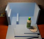 Нарезал заготовок ножом, некоторые распустил пенорезкой до 20мм (10мм остатки пойдут на перегородки). Склеил детали, обтянул скотчем с утюжком, вырезал необходимые углубления и окошки.
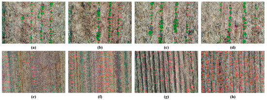 Detection effects of soybean seedlings in different scenarios: (a) 30% jitter; (b) 40% jitter; (c) 50% jitter; (d) 60% jitter; (e) a sparse soybean image; (f) a dense soybean image; (g) the cotyledon stage; (h) the second node stage.
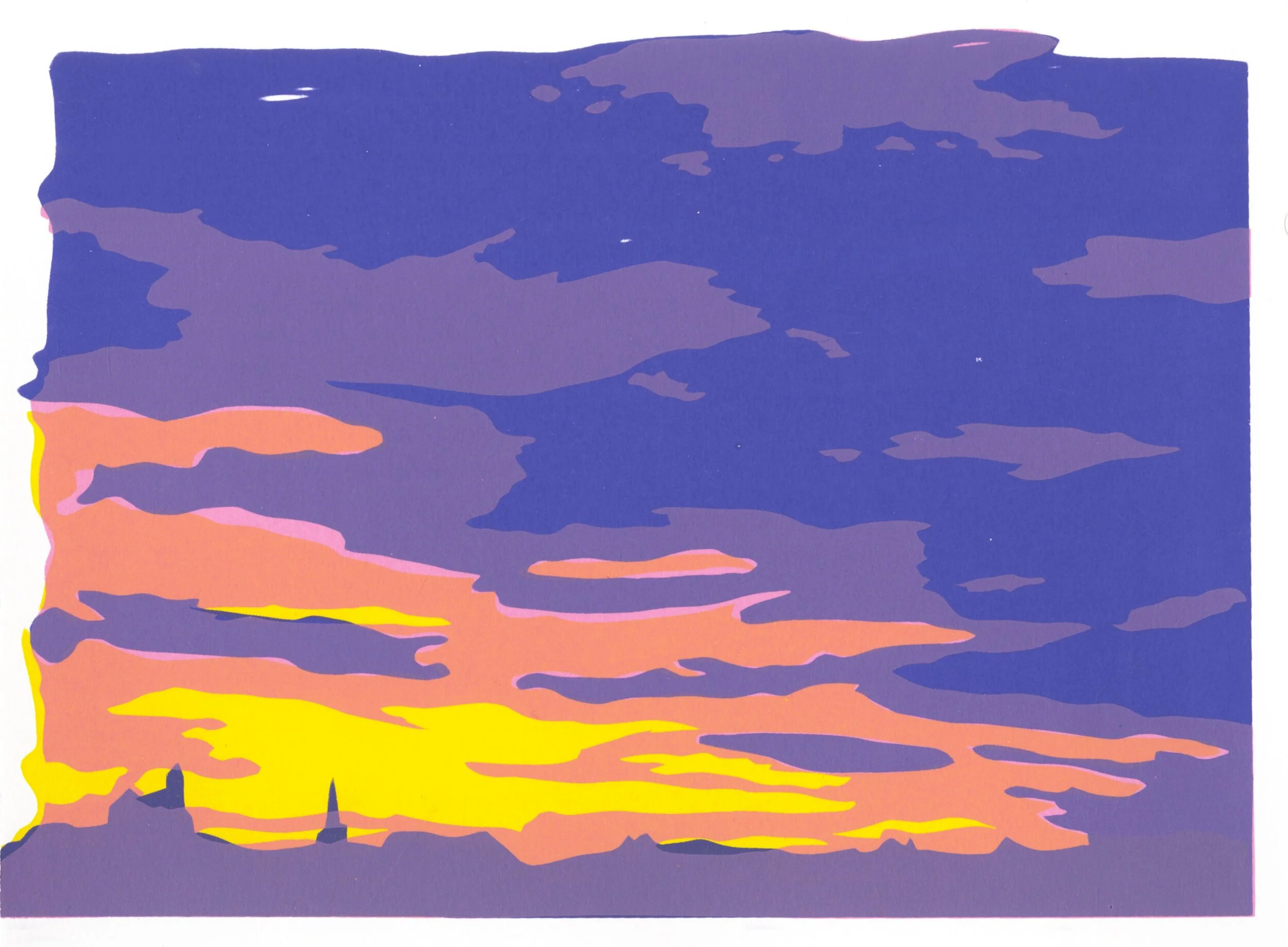 These screen prints convey the moment when the sun has set and the colors of the sky interweave and blend together.
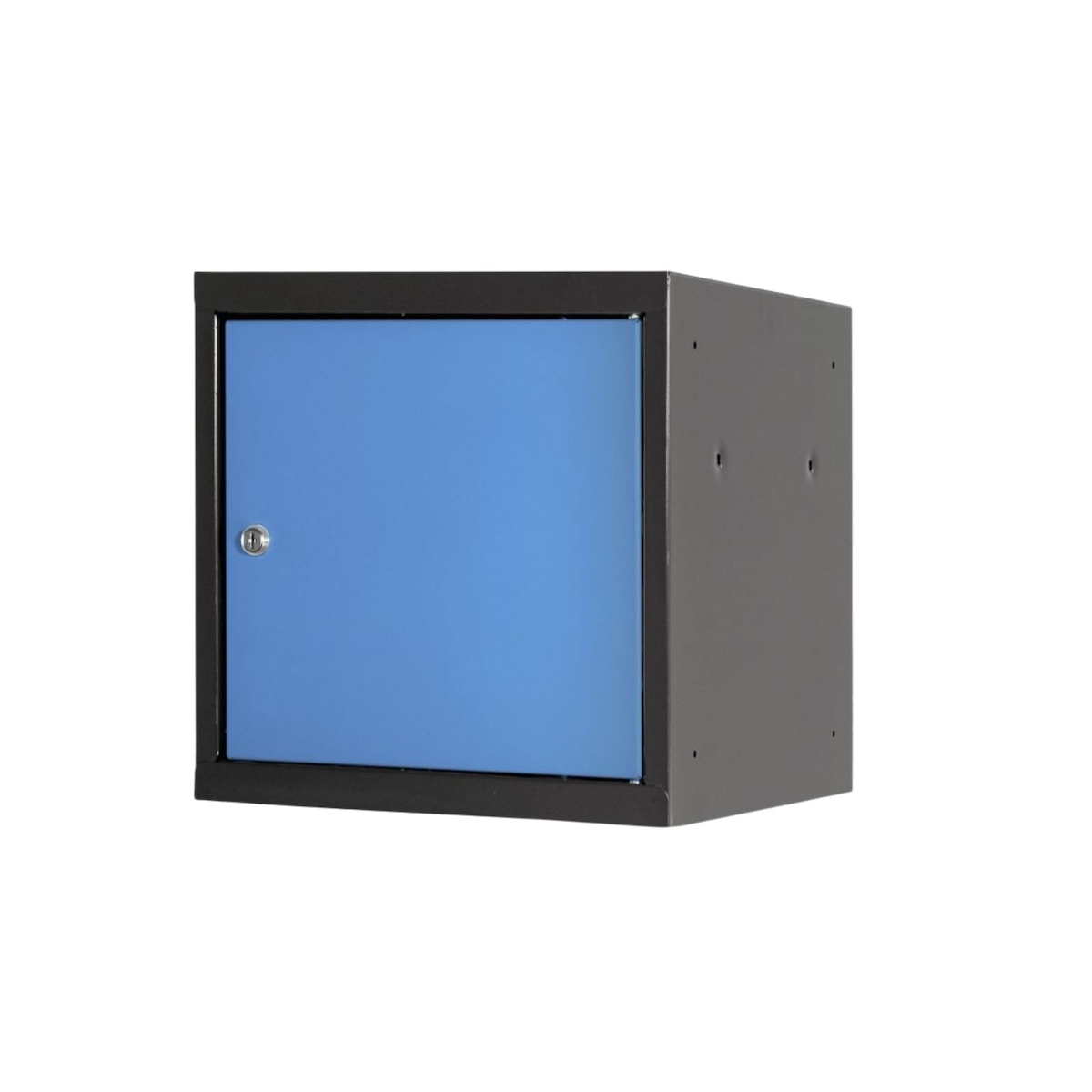 Proregal Schließfachwürfel Blocky mit Zylinderschloss + 2 Schlüssel | HxBxT 40x40x40cm | Anthrazit/Lichtblau
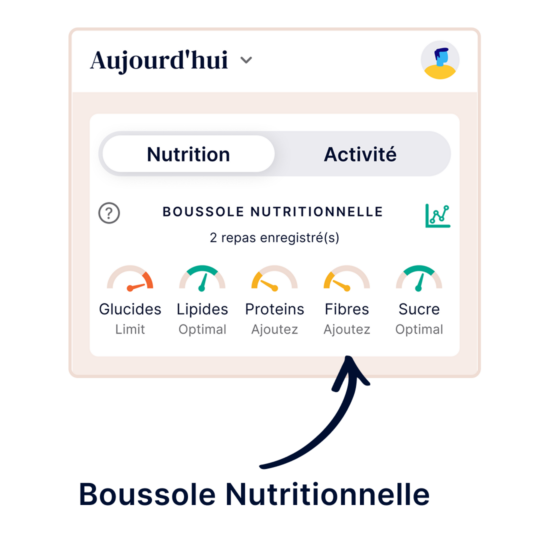 En haut de votre écran d’accueil, vous trouverez un aperçu de votre apport nutritionnel quotidien. La boussole nutritionnelle vous guide pour vous aider à ajuster vos prochains repas ou snacks. Votre objectif est d’atteindre un équilibre idéal entre glucides, protéines, lipides, fibres et sucres en fin de journée.
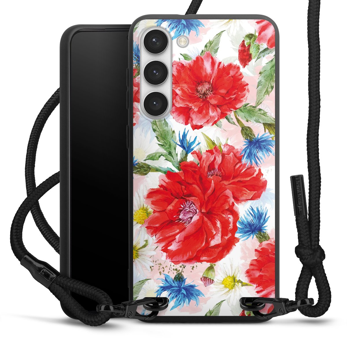 The matt black silicone case is made of flexible TPU (thermoplastic polyurethane) and offers robust protection. The durable, unbreakable material makes the cover flexible and dimensionally stable at the same time. The matte surface makes your design stand out more and is less susceptible to fingerprints and dirt. The stylish trend accessory fits comfortably in the hand and is perfectly complemented by the fabric (polyester) mobile phone strap. The braided fabric strap is approx. 1.70 metres long with a diameter of approx. 0.5 cm. Due to the special knotting technique, the length of the strap can be adjusted by simply pulling it, so that you can adapt it individually to your wishes. The practical case to wear around your neck is available with the fabric strap in black. As a little icing on the cake, we have provided the strap with a chic metal fastener in matt black. The strap is securely fastened to the case with loops made of high-quality genuine leather and press studs. The ends of the fabric strap are covered with metallic end caps and thus protected from fraying.
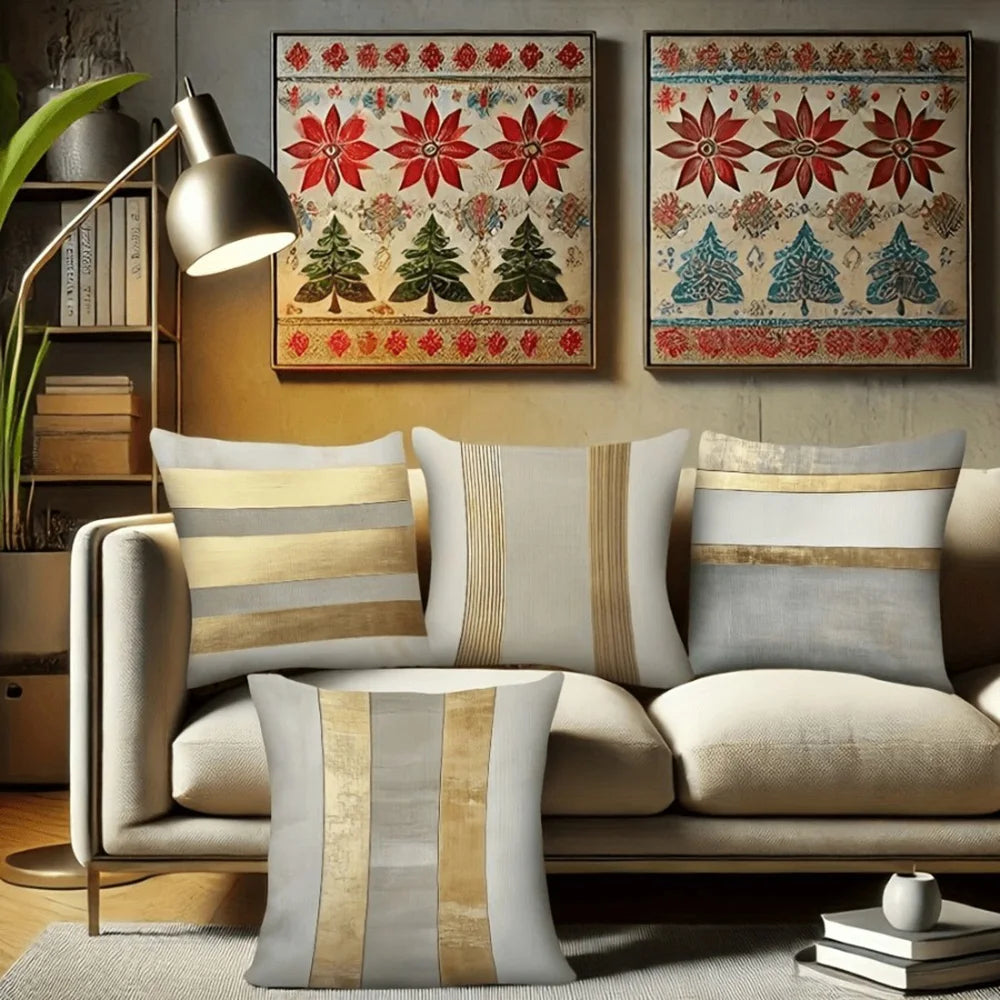 Gold & Neutral Striped Pillowcase
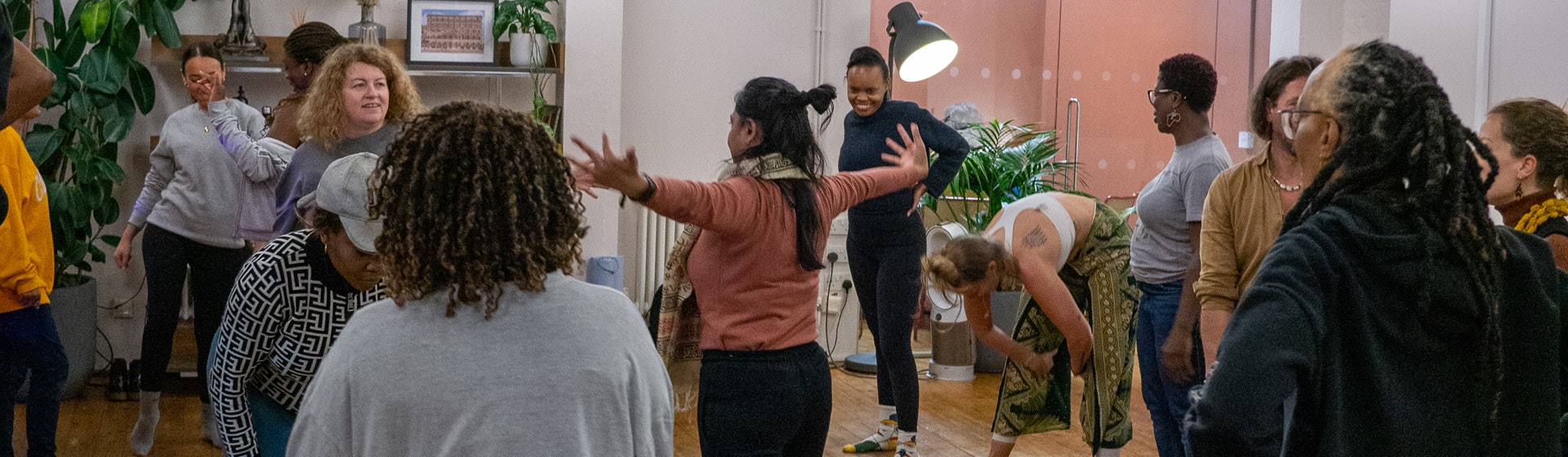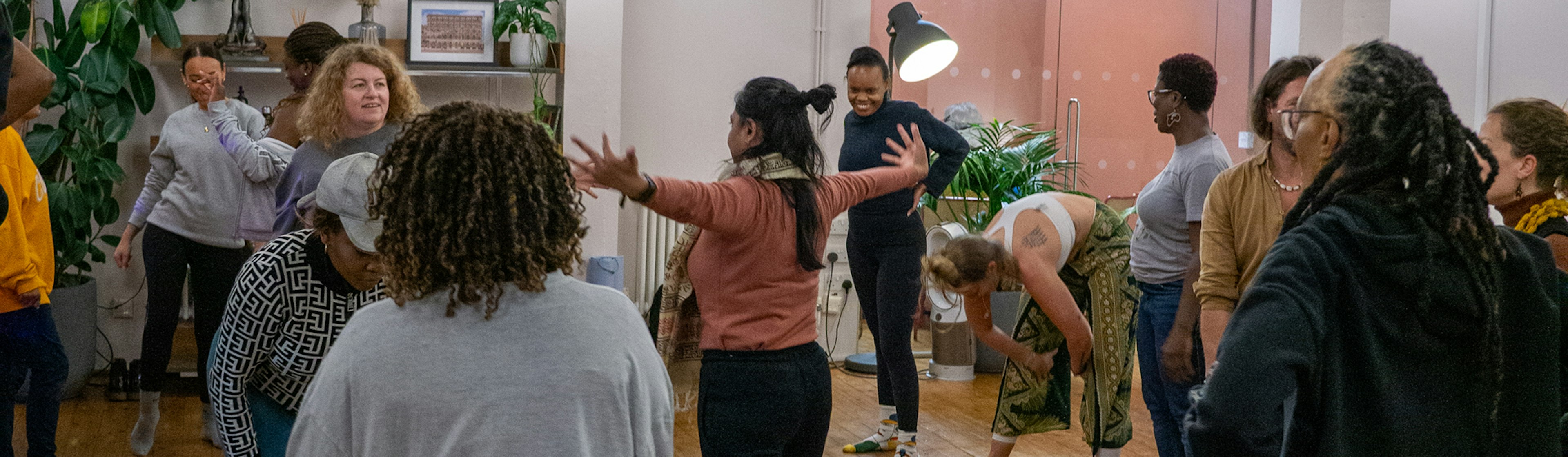 A gentle, guided movement session at Firepit Art Gallery, blending breathwork, intuitive movement and joyful, Bollywood-inspired community dance.

[Try it]
Working from the entries above, reproduce exactly and only the lines beginning with the line that has "Proregal Schließfachwürfel Blocky" and ending with the line that has "En haut de votre"; omit all pictures.

[Exercise result]
 Proregal Schließfachwürfel Blocky mit Zylinderschloss + 2 Schlüssel | HxBxT 40x40x40cm | Anthrazit/Lichtblau
 En haut de votre écran d’accueil, vous trouverez un aperçu de votre apport nutritionnel quotidien. La boussole nutritionnelle vous guide pour vous aider à ajuster vos prochains repas ou snacks. Votre objectif est d’atteindre un équilibre idéal entre glucides, protéines, lipides, fibres et sucres en fin de journée.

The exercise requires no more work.